■ Exercise brief
For every line below, output the text exactly and leave out images.

■ Provided material
=-=-=
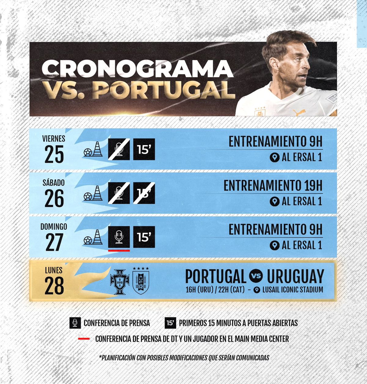 El partido ante Portugal va el lunes 28 a la hora 22 de Qatar (16 de Uruguay).
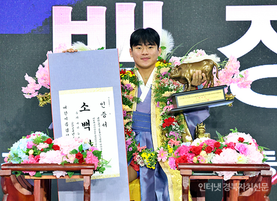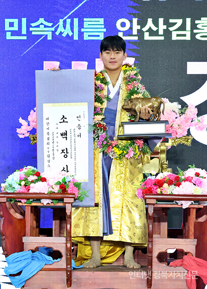 2024 ¹Î¼Ó¾¾¸§ Á¦4ȸ ¾È»ê±èÈ«µµ¿©ÀÚÀå»ç¾¾¸§´ëȸ' ¼Ò¹éÀå»ç¿¡ µî±ØÇÑ Àü¼º±Ù(¿µ¿ù±ºÃ»)ÀÌ Àå»çÀÎÁõ¼¿Í Ȳ¼ÒÆ®·ÎÇǸ¦ µé°í ±â³ä»çÁøÀ» Âï°í ÀÖ´Ù.
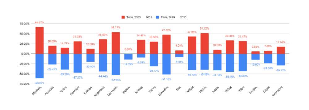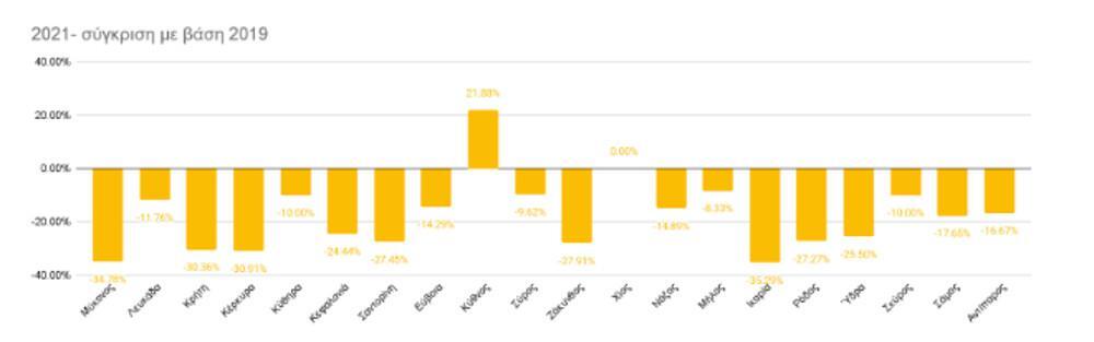 Με τις μικρότερες διακυμάνσεις να καταγράφονται στη Χίο, ήδη για το 2021 βρίσκεται στα ίδια σχεδόν επίπεδα με το 2019.
=-=-=
■ Answer for this exercise
 El partido ante Portugal va el lunes 28 a la hora 22 de Qatar (16 de Uruguay).
 2024 ¹Î¼Ó¾¾¸§ Á¦4ȸ ¾È»ê±èÈ«µµ¿©ÀÚÀå»ç¾¾¸§´ëȸ' ¼Ò¹éÀå»ç¿¡ µî±ØÇÑ Àü¼º±Ù(¿µ¿ù±ºÃ»)ÀÌ Àå»çÀÎÁõ¼¿Í Ȳ¼ÒÆ®·ÎÇǸ¦ µé°í ±â³ä»çÁøÀ» Âï°í ÀÖ´Ù.
 Με τις μικρότερες διακυμάνσεις να καταγράφονται στη Χίο, ήδη για το 2021 βρίσκεται στα ίδια σχεδόν επίπεδα με το 2019.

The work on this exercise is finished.